Enemalta wants to expand the Delimara power plant as a replacement for the Marsa power plant by mid 2012. It was switched off in March 2015 and continued in cold standby until early 2017; since then it has been disconnected from the mains. Enemalta plc contractors have completed the dismantling and demolition of the Marsa Power Station, paving the way for the long-awaited regeneration of this inner Grand Harbour area.

After the last two chimneys of the Marsa Power Station were pulled down, the few remaining structures on site, including one of the turbine halls and several fuel tanks, were removed to complete the project on schedule. The site has been cleared of all electricity generation equipment and buildings, down to ground level.

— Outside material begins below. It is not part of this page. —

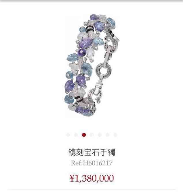 15、镌刻宝石手镯138万。18K金,蓝宝石、坦桑石、月长石、缟玛瑙、钻石。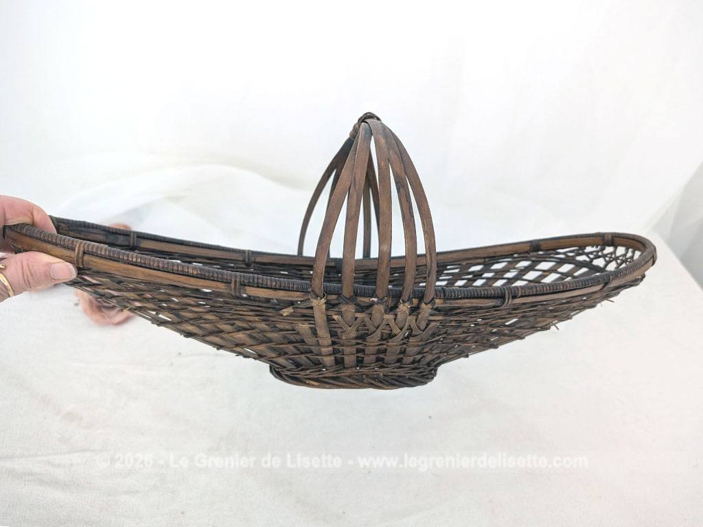 Fait main, voici un panier en osier, à la forme de navette ou barque très originale. Il mesure 47 cm par 16 cm sur 18 cm de haut. On découvre un travail de tressage ajouré remarquable et une belle patine boisée de l’osier. La anse est serrée par un lien d’osier qui ne va pas jusqu’au bout, il en manque un petit bout, et ce n’est presque pas visible. Sa grande anse stylisée est formée de cinq brins reliés au sommet, ce qui lui donne beaucoup d’élégance et de légèreté.Il est dans un bel état général, solide et prêt à servir.

The dismantling and demolition of the 1953 Marsa Power Station included the gradual removal of the power station’s eight heavy fuel oil-fired units, and several other related structures, as soon as they were no longer required for electricity generation or as emergency capacity on cold standby. The dismantling process started in October 2014, a few months before the power station was switched off for the last time in March of the following year. Works on site gathered pace in the beginning of 2017, when the new Delimara 4 Power Station was commissioned and the last remaining Marsa Power Station units on cold standby were disconnected from the national grid.

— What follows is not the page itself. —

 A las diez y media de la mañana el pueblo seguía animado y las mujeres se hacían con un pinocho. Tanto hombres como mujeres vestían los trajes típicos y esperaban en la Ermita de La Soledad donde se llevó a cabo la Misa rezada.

The demolition contractors removed over 12,000 tonnes of concrete and other building materials from the power station site. Another 17,000 tonnes of metals, including steel, copper and aluminium, and 320 tonnes of electricity cables were exported for recycling. All materials were separated on site and carted away in adherence to strict waste management procedures. Dust abatement and other pollution control measures were in place to safeguard the wellbeing of residents and workers in the area during the entire process.

The oldest parts of the Marsa Power Station, known as the A Station, including several underground tunnels beneath Jesuits Hill, were retained.

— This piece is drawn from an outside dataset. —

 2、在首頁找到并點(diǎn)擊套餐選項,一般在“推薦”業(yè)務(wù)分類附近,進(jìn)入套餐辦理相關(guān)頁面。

A standalone diesel generator installed at the Marsa Power Station in 1990 for emergency is still on site next to other similar generators currently in use. The power station was shut down in 2017 but was brought back into use in 2020, due to series of power outages.

== Emissions ==
Before Malta joined the EU, due to the outdated technology, consideration was given to shutting down the plant. However, part of the electricity production was relocated to the more modern Delimara power plant, so that the EU limit values for emissions were reached. The fine dust emissions do not yet meet the EU standard. The total carbon dioxide emissions of the power plant in 2006 were 1,175,288 tons. The power plant has long been criticized by citizens in the area due to air pollution. The environmental organization Greenpeace saw in 1998 the power plant as the largest air polluter in Malta.